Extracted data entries
════════

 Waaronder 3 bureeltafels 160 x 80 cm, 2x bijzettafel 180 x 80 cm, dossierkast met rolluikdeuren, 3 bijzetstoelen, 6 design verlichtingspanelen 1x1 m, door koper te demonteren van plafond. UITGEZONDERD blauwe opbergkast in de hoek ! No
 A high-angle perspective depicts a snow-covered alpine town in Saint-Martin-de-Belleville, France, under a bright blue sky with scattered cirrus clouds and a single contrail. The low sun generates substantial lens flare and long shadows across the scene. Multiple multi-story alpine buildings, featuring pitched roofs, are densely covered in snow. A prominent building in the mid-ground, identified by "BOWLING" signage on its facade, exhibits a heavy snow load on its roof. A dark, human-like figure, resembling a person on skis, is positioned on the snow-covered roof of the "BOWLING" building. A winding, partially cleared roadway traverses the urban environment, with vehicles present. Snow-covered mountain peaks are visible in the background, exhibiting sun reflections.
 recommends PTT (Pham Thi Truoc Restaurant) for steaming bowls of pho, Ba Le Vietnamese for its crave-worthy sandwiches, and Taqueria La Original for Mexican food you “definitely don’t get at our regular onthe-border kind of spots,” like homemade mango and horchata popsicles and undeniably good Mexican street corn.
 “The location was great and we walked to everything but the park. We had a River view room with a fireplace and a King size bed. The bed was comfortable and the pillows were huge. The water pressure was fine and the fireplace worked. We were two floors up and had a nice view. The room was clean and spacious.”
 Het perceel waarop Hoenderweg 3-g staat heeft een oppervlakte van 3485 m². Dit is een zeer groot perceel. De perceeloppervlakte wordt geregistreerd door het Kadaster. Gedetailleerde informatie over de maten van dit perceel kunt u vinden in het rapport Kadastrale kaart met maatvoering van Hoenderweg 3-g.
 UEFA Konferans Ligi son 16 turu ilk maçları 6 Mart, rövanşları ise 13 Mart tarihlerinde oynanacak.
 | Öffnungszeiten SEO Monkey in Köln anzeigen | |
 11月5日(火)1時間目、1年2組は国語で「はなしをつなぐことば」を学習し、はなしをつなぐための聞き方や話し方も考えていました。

════════

**EXERCISE INSTRUCTIONS:**
Word for word, retype the lines from the one containing "Het perceel waarop" through the final line of the data, including both ends and nothing more.

**YOUR RESPONSE:**
 Het perceel waarop Hoenderweg 3-g staat heeft een oppervlakte van 3485 m². Dit is een zeer groot perceel. De perceeloppervlakte wordt geregistreerd door het Kadaster. Gedetailleerde informatie over de maten van dit perceel kunt u vinden in het rapport Kadastrale kaart met maatvoering van Hoenderweg 3-g.
 UEFA Konferans Ligi son 16 turu ilk maçları 6 Mart, rövanşları ise 13 Mart tarihlerinde oynanacak.
 | Öffnungszeiten SEO Monkey in Köln anzeigen | |
 11月5日(火)1時間目、1年2組は国語で「はなしをつなぐことば」を学習し、はなしをつなぐための聞き方や話し方も考えていました。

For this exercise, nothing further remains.